Глава 28. КОНСУЛЬТАЦИЯ

   С улицы не доносилось ни звука.
   Воздух был неподвижен; не было слышно человеческих голосов; природа безмолвствовала.
   Дневная служба в Трианоне была окончена; конюхи и каретники разошлись по своим комнатам; малый двор обезлюдел.
   Андре в глубине души была взволнована тем, что Филипп и доктор придавали ее болезни не понятное для нее самой значение.
   Она была несколько удивлена тем обстоятельством, что доктор Луи пришел опять, хотя еще утром объявил болезнь пустячной, а лекарства — ненужными. Однако благодаря ее простодушию в ее сердце не закралось подозрение.
   Вдруг доктор, не сводивший с нее глаз, направил на нее свет лампы и взял ее руку не как доктор, щупающий пульс, а как друг или исповедник.
   Его жест поразил впечатлительную Андре. Она уже готова была вырвать свою руку.
   — Мадмуазель! Вы сами захотели меня видеть или я, придя сюда, уступил желанию вашего брата? — спросил доктор.
   — Сударь! Когда брат вернулся, он сообщил мне, что вы придете еще раз: ведь принимая во внимание то, что я имела честь услышать от вас нынче утром о незначительности моего недомогания, я сама не осмелилась бы беспокоить вас вновь, — отвечала Андре.
   Доктор поклонился.
   — Ваш брат, — продолжал он, — показался мне человеком, который очень дорожит своей честью и весьма ревностно к ней относится; есть вещи, о которых с ним просто невозможно говорить. Вот, очевидно, почему вы не пожелали ему открыться?

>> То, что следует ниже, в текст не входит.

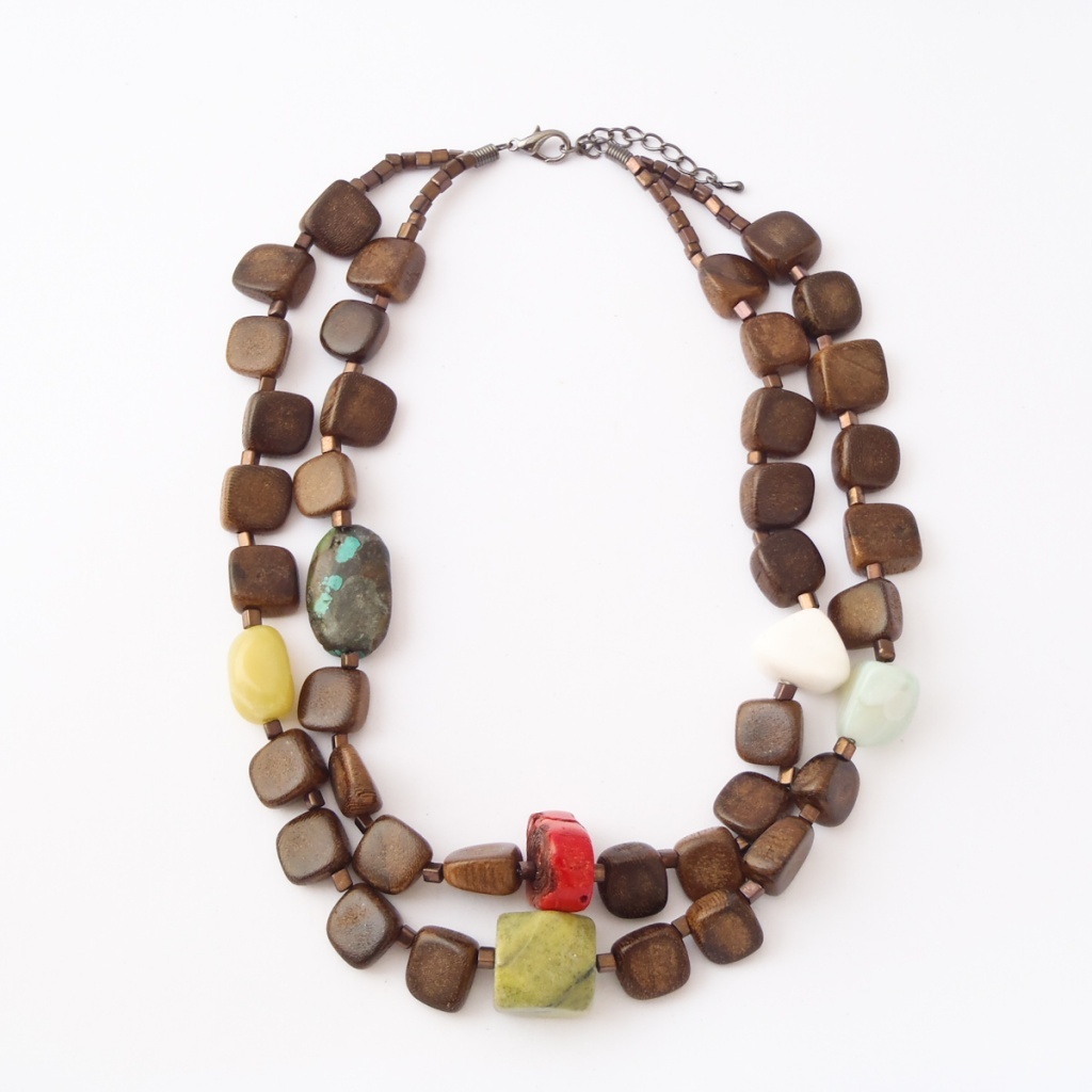 Náhrdelník z dřevěných komponentů, korálu, chryzokolu a kamínků.

   Андре с тем же непонимающим видом взглянула на доктора, как перед тем — на Филиппа.
   — И вы, сударь? — высокомерно молвила она.
   — Прошу прощения, мадмуазель, позвольте мне договорить.

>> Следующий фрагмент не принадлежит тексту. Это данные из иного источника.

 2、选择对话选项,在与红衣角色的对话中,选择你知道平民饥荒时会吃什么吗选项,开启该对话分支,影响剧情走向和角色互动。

   Андре жестом показала, что готова терпеливо, вернее смиренно, слушать.
   — Вполне естественно, — продолжал доктор, — что, видя страдание и предчувствуя гнев этого молодого человека, вы упорно храните молчание. Однако со мной, мадмуазель, вам не следует хитрить: я, можете мне поверить, являюсь более врачевателем душ, нежели лекарем физических недугов; я все вижу и все знаю; я снимаю с вас половину тяжкого груза на пути признаний, — я вправе ожидать, что со мной вы будете откровеннее.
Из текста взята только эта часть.